While the screening member and the holder member have been shown and described in the first to third embodiments as being mounted on the doctor blade, such is only illustrative and they may be mounted on an upper portion of the casing, for example. Also, the screw mechanism for connecting the holder member to the doctor blade may be replaced by rivet means, adhesion or pressing means or fitting or suspending means.
Furthermore, in any of the embodiments described so far, the screening member and the support member may comprise an integral molding of rubber or plastic, instead of the shown and described separate members. Particularly, concerning the configuration and arrangement of the screening member, it is preferable to take into account the relationship between streams of air inside the equipment and scattering of the toner, moving speeds of the photoconductor and developing sleeve or their relative speed, etc.

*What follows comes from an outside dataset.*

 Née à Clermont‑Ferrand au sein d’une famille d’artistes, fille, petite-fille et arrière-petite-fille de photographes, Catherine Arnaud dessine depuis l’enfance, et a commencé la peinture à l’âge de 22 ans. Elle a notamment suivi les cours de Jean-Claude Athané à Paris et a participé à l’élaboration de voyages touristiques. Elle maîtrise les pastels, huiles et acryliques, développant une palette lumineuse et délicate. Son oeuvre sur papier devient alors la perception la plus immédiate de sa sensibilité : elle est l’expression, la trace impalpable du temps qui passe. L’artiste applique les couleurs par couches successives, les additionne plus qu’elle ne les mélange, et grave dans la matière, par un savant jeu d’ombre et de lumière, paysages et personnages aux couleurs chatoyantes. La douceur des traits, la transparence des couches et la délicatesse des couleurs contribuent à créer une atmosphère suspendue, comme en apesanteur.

While the description has concentrated to a cassette type photoconductor, a photoconductor generally has a limited service life and, therefore, mounted and demounted even if it is not of the cassette type. It follows that the present invention is effectively applicable even to recording machines which employ photoconductors in the form of drums. Further, the present invention is basically applicable not only to magnet brush type apparatuses but also to any other type of apparatuses.

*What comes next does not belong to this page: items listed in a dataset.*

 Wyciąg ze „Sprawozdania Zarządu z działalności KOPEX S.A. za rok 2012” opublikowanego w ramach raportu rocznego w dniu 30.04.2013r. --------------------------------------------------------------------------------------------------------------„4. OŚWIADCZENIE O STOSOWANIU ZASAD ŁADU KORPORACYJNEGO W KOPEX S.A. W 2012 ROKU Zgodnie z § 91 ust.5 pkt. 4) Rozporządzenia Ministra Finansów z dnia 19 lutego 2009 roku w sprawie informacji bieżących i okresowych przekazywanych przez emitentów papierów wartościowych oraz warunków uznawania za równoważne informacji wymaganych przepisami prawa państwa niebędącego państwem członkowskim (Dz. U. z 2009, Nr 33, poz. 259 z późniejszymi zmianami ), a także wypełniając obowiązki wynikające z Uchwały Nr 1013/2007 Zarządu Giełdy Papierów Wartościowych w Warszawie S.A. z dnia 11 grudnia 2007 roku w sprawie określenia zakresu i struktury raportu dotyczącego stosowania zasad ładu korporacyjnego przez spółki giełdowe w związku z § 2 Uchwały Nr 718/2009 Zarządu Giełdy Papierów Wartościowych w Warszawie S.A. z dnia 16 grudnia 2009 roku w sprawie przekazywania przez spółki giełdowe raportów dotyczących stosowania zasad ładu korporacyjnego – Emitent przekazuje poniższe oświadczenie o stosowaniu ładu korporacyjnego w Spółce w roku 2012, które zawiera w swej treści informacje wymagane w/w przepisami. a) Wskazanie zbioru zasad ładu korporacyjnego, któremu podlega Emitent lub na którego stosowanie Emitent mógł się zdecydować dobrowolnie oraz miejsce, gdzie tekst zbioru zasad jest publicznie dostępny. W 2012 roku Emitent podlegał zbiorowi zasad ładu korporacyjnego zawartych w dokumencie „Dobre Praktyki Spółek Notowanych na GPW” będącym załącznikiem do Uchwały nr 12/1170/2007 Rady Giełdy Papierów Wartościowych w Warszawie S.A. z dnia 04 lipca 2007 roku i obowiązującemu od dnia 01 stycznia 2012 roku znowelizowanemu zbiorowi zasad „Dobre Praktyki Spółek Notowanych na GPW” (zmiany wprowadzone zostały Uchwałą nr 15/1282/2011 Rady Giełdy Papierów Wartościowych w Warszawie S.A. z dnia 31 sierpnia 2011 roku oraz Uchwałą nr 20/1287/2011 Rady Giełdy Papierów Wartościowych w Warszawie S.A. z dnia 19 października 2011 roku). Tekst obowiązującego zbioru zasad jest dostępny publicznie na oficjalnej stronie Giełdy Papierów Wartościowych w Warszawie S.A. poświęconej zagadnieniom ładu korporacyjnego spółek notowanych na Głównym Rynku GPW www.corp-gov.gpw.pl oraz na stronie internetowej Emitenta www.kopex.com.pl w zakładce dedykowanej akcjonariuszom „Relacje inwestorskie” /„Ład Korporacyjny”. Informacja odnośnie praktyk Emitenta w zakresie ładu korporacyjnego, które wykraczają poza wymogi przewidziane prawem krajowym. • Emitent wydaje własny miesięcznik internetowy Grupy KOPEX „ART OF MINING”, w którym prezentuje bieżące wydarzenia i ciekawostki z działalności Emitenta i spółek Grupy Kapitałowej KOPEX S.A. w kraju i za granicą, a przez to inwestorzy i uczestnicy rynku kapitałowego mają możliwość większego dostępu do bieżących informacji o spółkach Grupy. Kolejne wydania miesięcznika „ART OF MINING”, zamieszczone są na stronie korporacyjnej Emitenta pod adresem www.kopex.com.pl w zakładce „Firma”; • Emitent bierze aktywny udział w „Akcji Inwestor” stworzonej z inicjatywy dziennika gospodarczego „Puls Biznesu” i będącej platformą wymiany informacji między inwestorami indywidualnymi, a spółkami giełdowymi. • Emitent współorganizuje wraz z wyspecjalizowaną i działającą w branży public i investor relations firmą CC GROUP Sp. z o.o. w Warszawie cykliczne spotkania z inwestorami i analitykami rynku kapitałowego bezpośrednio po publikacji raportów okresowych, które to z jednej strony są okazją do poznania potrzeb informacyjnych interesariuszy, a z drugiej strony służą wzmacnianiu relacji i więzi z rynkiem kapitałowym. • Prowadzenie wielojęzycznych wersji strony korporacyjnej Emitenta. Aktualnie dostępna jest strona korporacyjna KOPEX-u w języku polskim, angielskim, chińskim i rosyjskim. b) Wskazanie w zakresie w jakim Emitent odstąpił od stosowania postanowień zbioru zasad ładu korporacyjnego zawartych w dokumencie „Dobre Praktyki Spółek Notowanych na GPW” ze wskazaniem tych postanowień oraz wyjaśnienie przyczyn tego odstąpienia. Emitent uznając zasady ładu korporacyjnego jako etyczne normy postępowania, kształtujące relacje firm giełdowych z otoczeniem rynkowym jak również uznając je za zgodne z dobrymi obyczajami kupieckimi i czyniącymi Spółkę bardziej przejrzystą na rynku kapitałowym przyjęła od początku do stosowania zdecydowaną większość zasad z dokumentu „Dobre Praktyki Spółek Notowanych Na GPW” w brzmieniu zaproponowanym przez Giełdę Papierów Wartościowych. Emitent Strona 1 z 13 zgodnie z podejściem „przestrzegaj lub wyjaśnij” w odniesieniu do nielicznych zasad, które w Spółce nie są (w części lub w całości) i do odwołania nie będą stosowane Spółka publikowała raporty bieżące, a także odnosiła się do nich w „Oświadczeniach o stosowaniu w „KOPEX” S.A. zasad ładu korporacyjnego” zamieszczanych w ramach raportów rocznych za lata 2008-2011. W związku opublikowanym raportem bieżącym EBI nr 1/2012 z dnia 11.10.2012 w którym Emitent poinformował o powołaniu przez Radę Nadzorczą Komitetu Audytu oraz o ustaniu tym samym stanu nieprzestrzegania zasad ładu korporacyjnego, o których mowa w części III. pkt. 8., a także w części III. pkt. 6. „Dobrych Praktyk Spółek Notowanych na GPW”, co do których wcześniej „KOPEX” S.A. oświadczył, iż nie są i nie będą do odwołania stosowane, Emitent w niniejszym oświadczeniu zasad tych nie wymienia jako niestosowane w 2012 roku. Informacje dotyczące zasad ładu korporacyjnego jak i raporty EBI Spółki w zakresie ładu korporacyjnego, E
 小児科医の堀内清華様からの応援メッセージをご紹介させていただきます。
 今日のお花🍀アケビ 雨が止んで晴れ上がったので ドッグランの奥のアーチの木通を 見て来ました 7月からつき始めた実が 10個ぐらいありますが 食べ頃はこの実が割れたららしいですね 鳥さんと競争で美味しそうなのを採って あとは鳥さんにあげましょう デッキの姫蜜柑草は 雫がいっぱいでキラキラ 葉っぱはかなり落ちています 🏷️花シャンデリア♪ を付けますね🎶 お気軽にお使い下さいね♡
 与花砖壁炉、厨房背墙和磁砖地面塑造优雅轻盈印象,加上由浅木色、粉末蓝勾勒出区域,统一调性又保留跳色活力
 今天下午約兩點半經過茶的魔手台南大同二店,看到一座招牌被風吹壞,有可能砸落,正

As described above, the developing apparatus in accordance with any of the first to third embodiments described is successful to effectively restrain a toner from scattering to thereby insure recording of stable quality images over a long period of time. Additionally, the developing apparatus allows a photoconductor cassette to be mounted and demounted without any trouble. This is derived from the inherent construction wherein the screening member is positioned in the gap between the developing unit and the photoconductor cassette, and at least part of the screening member which neighbors the photoconductor is made of a soft material. Damage to the photoconductor in the event of mounting it will be eliminated if the screening member is inclined at an acute ange to the vertical.
Referring to FIGS. 8-10, a fourth embodiment of the present invention is shown. In FIGS. 8-10, the same or similar structural elements as those of the first to third embodiments are designated by like reference numerals. As shown, a developing unit 88 includes first and second bores 90 and 92 each of which extends throughout a side portion of the casing 56 and in the side surface on which the doctor blade 74 is mounted. A channel 94 extends between the bores 90 and 92 in the casing wall. Nuts (not shown) are rigidly fit in opposite ends of each of the bores 90 and 92 to individually cooperate with bolts 96 to support the side walls 68. The same applies to a through bore 98. The channel 94 has an opening 100 directed to the left in FIG. 9. Magnetic members 102 are received in the channel 94 at suitable spacings along the length of the channel. The bores 90, 92 and 98 as well as the channel 94 may be formed integrally with the casing 56 by diecasting during production of the casing 56 or formed independently of the casing 56 to be connected to the casing 56 by adhesive, screws or like connecting means.
Description will be made of a screening member 104 which is associated with the developing unit 88.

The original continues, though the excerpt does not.